I hope students will ask themselves whether the bioassay approach to research has any particular "blind spots". For example, what if a signaling molecule is itself very unstable, or gets quickly broken down by enzymes. The latter is quite common for signal molecules that need to produce a brief effect. Quick destruction by enzymes delayed the chemical identification of acrasin for 30 years, but somehow wasn't that great an obstacle for the identification of acetyl choline ("vagus-stoff"). Another difficulty is when many different chemicals mimic the effect of the true signal molecule being sought; This notoriously obstructed discovery of the chemical basis of Spemann's "embryological induction" mechanism for controlling the location of the neural tube and body axis. Complex negative or positive feedback cycles also tend to be either missed, misinterpreted or over-simplified by bioassays.

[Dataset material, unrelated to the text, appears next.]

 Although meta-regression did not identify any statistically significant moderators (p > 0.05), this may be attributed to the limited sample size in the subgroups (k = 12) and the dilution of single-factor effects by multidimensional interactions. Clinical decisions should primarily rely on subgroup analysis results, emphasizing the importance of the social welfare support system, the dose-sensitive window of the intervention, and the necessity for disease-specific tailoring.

So do situations in which something like an enzyme increases the activity of a signal molecule, and therefore gets misinterpreted as being itself a signal molecule. Furthermore, if cell-cell signaling happens to be accomplished by any other method than secretion of a chemical by one cell and detection of that chemical by another cell, (which is the working assumption that underlies the design of almost all bioassays) then those bioassays will be blind to any other kind of mechanism.

Prior to invention of the chemiosmotic theory of how mitochondria, chloroplasts and procaryotes make ATP, hundreds of "coupling factors" were discovered, none of which exist. "Florigen", the plant hormone that induces flowering, was the subject of many bioassays, but also turned out not to exist.

 

IV) The "Genetic Screen" method (which is now as heavily used as the bioassay method once was).

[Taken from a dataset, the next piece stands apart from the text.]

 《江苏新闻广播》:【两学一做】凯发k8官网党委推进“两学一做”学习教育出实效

A) Choose one of the 30-plus "model organisms": such as T2 bacteriophage, E. coli bacteria, budding yeast, Drosophila melanogaster flies, C. elegans worms, mouse, Arabidopsis (dicot plant), Chlamydomonas (green alga), Zebra fish (just like the ones people keep in home aquaria), Xenopus frogs, etc.

B) E-mail or write to the NSF-supported "stock center" of whichever model organism you have chosen, and ask the stock center to mail you specimens with whatever genotype you want. They will have hundreds or thousands of different mutant lines to choose between. For example, the Arabidopsis stock center is at Ohio State, and provides this important and necessary service to biologists all over the world. Research on each model organism could hardly continue without a stock center, which also provides advice, help, coordination of research, and organization of national and international scientific meetings.

C) Pick some interesting aspect of the organism's life, such as the bending of their flagella, or their photosynthesis, or their embryonic development, or their resistance to drought, or how fast they age.

D) Perhaps treat some of your organisms with mutagens; or maybe just let mutations occur spontaneously.

E) Grow thousands or millions of individual organisms.

F) Invent or borrow a "genetic screen" method, which means a method or criterion for finding just those individual organisms that are abnormal in whatever aspect of their life (like bending of flagella, resistance to drought, response to some hormone, abnormality of embryonic development at a certain stage, etc. etc.) It's best if you can invent some way that the organisms will somehow separate themselves, as a result of mutations that change whatever property you are interested in. For example, if you could create a condition in which all those without the kinds of mutations you are interested in will swim away, or fly away, or maybe just die. That means a lot less work for you, than if you had to look at each individual to see if whether is has been mutated in the particular way you are interested in.

To the extent that your "screen" (method) results in all the non-mutants separating themselves automatically, then you will be able to find much rarer mutations, much more quickly. There are scientists whose careers are based mostly on having invented some particularly cunning and powerful genetic screen; just as there were scientists whose careers depended mostly on having invented a good bioassay.

G) Accumulate as many as possible new mutant lines of the organism. Then use classical genetic crosses, or maybe other methods, to find out how many different genes these mutations affect. Note that it would not be unusual for somebody to isolate two hundred genetic variants, but then (by much hard work!) discover that only 3 or 4 (or 1) genes are involved, in the sense that 74 of their mutations change gene number 1, 51 of their mutations affect gene number 2, and 13 of their genes affect gene number 3, and that no other genes were ever mutated in a way that altered the phenotype of interest, or at least none that the genetic screen managed to filter out of the population.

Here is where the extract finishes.